Methods and Results:We performed a prospective, observational cohort study of hospitalized HF patients who underwent ambulatory BP monitoring (ABPM). The MBPS was calculated by subtracting the mean systolic BP (SBP) during the 1 h that included the lowest sleep BP from the mean SBP during the 2 h after waking. The MBPS group was defined as the top decile of MBPS (>40 mmHg). In all, 456 hospitalized HF patients (mean [±SD] age 68±13 years, 63.9% male) were followed-up for a median of 1.67 years. There were 90 events (16.3 per 100 person-years) of the composite outcome (all-cause mortality and worsening HF) in the HFrEF group, compared with 53 events (19.6 per 100 person-years) in the HFpEF group. Multivariate Cox regression analysis showed that MBPS was a significant predictor of outcome (hazard ratio 2.84, 95% confidence interval 1.58–5.10, P<0.01) in the HFrEF but not HFpEF group.

Conclusions:MBPS was found to be a novel predictor of worsening HF in patients with HFrEF.



中文翻译:

早晨血压升高对射血分数减少和保留的心力衰竭预后的不同影响

背景:众所周知,早晨血压 (BP) 升高,称为晨间血压激增 (MBPS),会导致高血压个体发生心血管事件。尚不清楚 MBPS 是否与射血分数降低 (HFrEF) 或保留 (HFpEF) 的心力衰竭 (HF) 患者的预后较差有关。

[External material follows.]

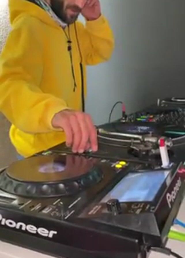 A bearded, white male DJ wearing a yellow hoodie and headphones operates a Pioneer DJ system. He stands in front of the equipment, manipulating the turntable with his right hand while listening through his headphones. The DJ console features a screen and various buttons and dials. There are additional turntables behind and next to the main console. A gray wall serves as the background.
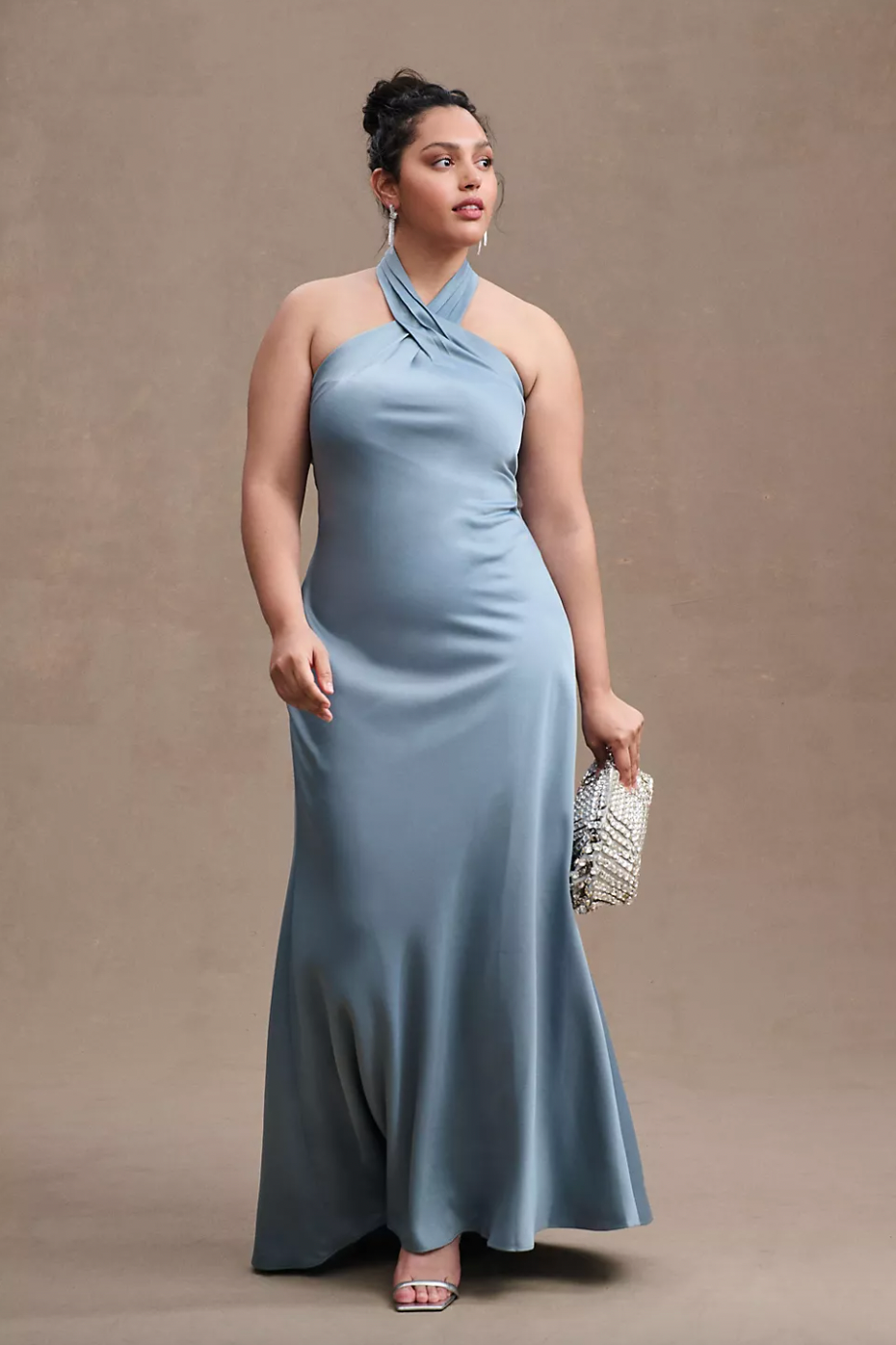 BHLDN Ruby Twist Halter Satin Gown, $, available at Anthropologie

方法和结果:我们对接受动态血压监测 (ABPM) 的住院 HF 患者进行了一项前瞻性观察性队列研究。MBPS 的计算方法是从醒来后 2 小时的平均 SBP 中减去包括最低睡眠 BP 在内的 1 小时内的平均收缩压 (SBP)。MBPS 组被定义为 MBPS 的最高十分位数 (>40 mmHg)。总共对 456 名住院 HF 患者(平均 [±SD] 年龄 68±13 岁,63.9% 男性)进行了中位随访 1.67 年。HFrEF 组有 90 起事件(16.3/100 人年)复合结局(全因死亡率和 HF 恶化),而 HFpEF 组有 53 起事件(19.6/100 人年)。多变量 Cox 回归分析表明,MBPS 是结果的显着预测因子(风险比 2.84,95% 置信区间 1.58-5.10,P<0.

结论: MBPS 被发现是 HFrEF 患者 HF 恶化的新预测因子。